- [DATA TO EXAMINE]
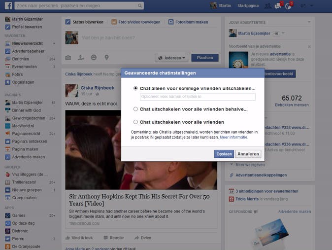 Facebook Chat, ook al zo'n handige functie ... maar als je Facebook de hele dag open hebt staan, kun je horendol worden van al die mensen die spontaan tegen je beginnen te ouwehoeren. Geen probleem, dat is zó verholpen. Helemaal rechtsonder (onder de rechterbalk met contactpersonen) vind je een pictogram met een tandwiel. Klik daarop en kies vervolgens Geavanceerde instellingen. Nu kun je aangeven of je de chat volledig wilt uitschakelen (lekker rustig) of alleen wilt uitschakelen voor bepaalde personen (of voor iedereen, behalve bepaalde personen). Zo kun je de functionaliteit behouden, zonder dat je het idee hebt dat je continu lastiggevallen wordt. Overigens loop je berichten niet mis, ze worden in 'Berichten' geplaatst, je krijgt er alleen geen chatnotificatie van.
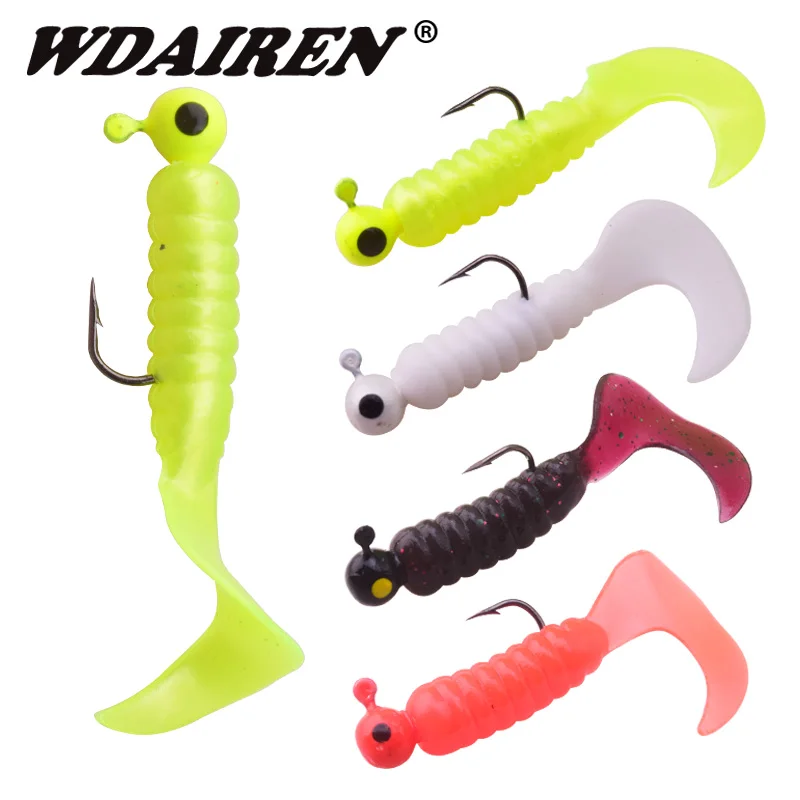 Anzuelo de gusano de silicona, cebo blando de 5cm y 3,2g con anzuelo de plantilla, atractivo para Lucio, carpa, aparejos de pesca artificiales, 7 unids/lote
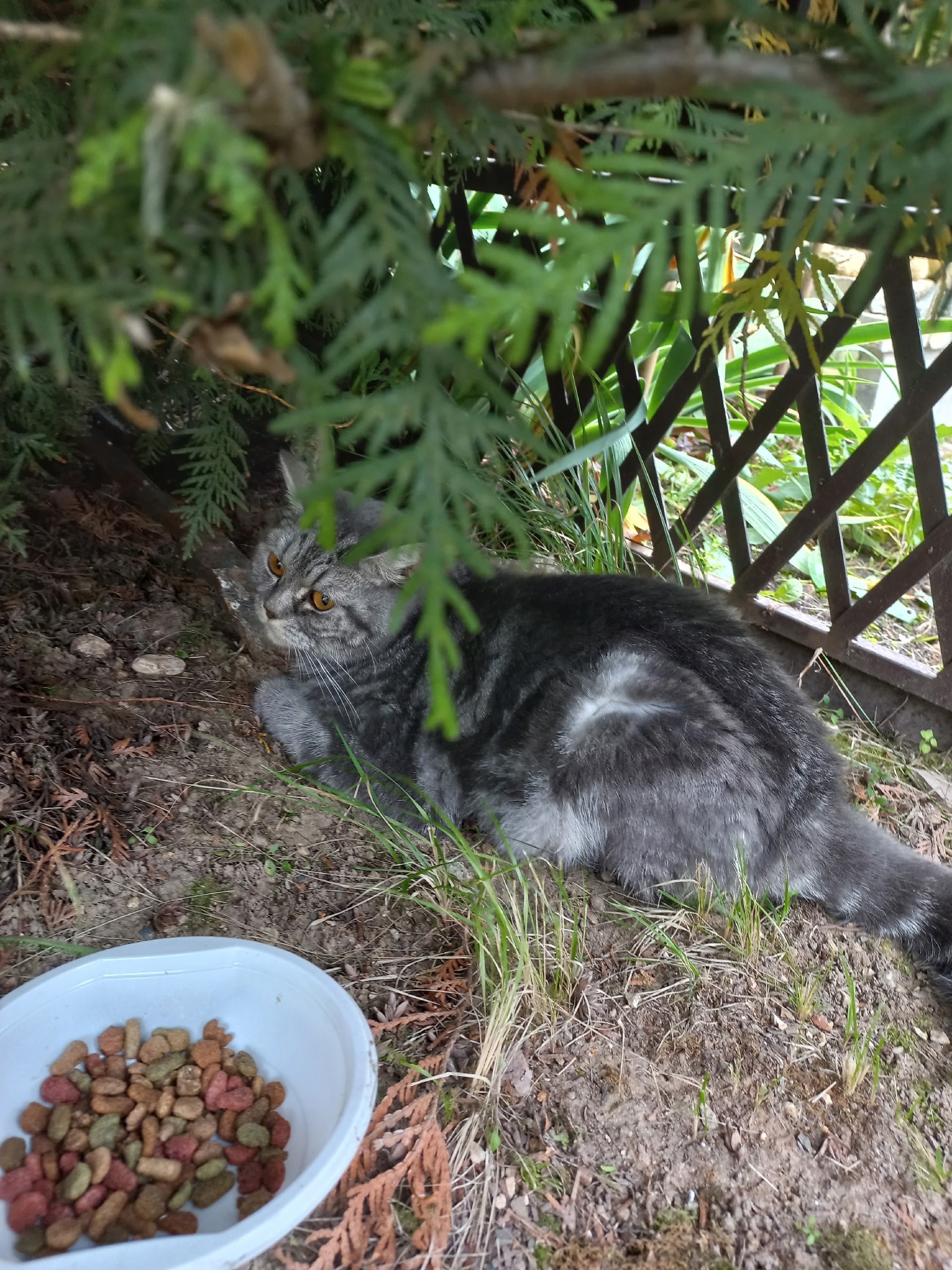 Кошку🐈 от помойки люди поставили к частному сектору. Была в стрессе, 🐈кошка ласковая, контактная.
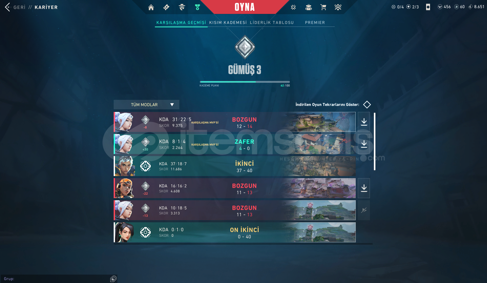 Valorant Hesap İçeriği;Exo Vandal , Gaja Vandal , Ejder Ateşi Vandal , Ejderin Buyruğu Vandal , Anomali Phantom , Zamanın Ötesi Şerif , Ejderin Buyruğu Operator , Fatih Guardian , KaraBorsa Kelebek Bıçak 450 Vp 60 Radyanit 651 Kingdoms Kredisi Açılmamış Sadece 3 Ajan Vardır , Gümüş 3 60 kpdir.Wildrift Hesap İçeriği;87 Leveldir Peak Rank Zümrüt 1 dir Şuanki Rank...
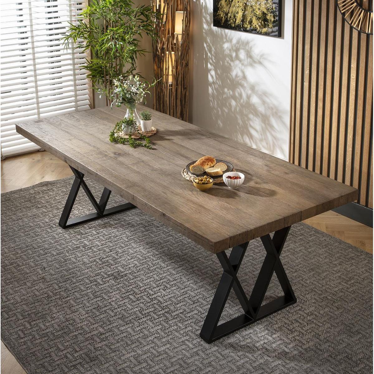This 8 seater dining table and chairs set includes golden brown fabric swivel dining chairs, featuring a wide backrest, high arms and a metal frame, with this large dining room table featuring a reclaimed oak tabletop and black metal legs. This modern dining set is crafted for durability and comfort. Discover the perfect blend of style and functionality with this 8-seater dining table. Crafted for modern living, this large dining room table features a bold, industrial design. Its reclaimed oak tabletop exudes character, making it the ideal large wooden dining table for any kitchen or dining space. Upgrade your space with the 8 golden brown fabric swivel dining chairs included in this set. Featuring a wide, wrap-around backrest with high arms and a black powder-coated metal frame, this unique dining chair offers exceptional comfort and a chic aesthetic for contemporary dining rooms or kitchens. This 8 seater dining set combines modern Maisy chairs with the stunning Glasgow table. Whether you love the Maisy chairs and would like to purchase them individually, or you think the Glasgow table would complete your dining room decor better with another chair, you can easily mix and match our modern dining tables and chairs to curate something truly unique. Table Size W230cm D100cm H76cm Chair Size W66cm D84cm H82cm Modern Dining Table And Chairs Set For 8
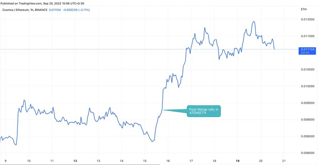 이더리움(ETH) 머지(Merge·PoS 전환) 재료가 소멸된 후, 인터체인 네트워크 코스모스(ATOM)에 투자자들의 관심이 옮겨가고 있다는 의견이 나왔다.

- [DIRECTIONS]
Each line above that falls between the line with "Anzuelo de gusano" and the line with "Кошку🐈 от помойки" should be printed exactly, together with those two lines, but the pictures should not.

- [ANSWER AREA]
 Anzuelo de gusano de silicona, cebo blando de 5cm y 3,2g con anzuelo de plantilla, atractivo para Lucio, carpa, aparejos de pesca artificiales, 7 unids/lote
 Кошку🐈 от помойки люди поставили к частному сектору. Была в стрессе, 🐈кошка ласковая, контактная.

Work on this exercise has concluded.